I'll link it here. It is a full readout.
Still much shorter than the deck, but
you get a sense of what she did. You can
check out all of those charts. I chose
not to scroll through it because
whenever I do that, I never get views on
those videos. So, you guys seem to like
my face, which is kind of weird, but
here we are. And you can also see my
take on the deck. And you can see a
little bit more about the taker on the
internet. I include sort of perspectives
from Axios, perspectives from other
places where Mary has given interviews.
Uh, and we sort of get an overall
picture of this deck. Is it worth it?
Yes. This is probably the deck that will
be most influential to how capital
allocators, VCs, investors think about
AI for the rest of this year.
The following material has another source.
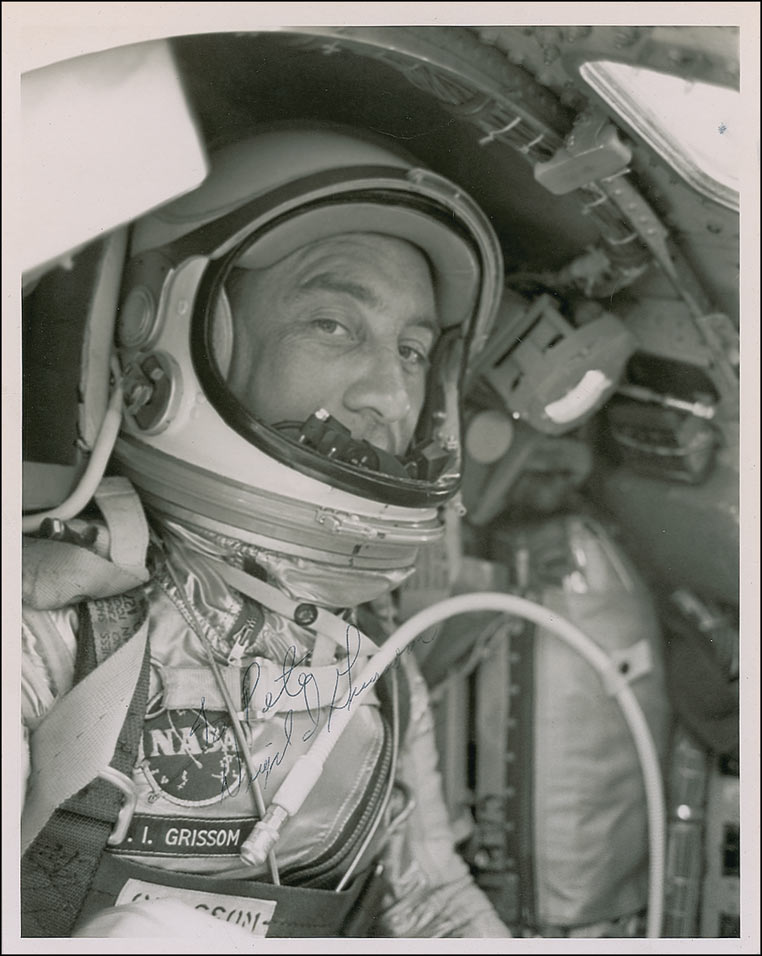 Vintage glossy 8 x 10 NASA photo of Grissom checking out a panel in his spacecraft before his Mercury launch, signed and inscribed in black ballpoint “To Peter, Virgil I. Grissom.” A few scattered light creases and surface marks, a hint of trivial silvering, and some slight contrast to signature and inscription, otherwise fine condition.

It is
absolutely worth this degree of
attention. And if you're not an
investor, it's worth it to you because
this shapes how the investors who drive
companies, drive job
creation are going to be thinking about
this stuff. And that affects all of us.
Whether the job opens up or not is the
function of whether the startup funding
is there. And if the startup funding is
there, it might be because Mary Mer made
a recommendation in this deck very
bluntly. And so I want to make sure
everybody is aware of this. I've made
this completely free so that everybody
can dive in and look at it. Uh, and I've
obviously linked to the deck so that you
can sort of see the full thing if you
want to. And that's where I'll leave it.
It was a lot of fun for me to go through
all 340 pages of the deck. I know it's
not fun for everybody, but I'm a nerd
like that. Hope you enjoy this summer.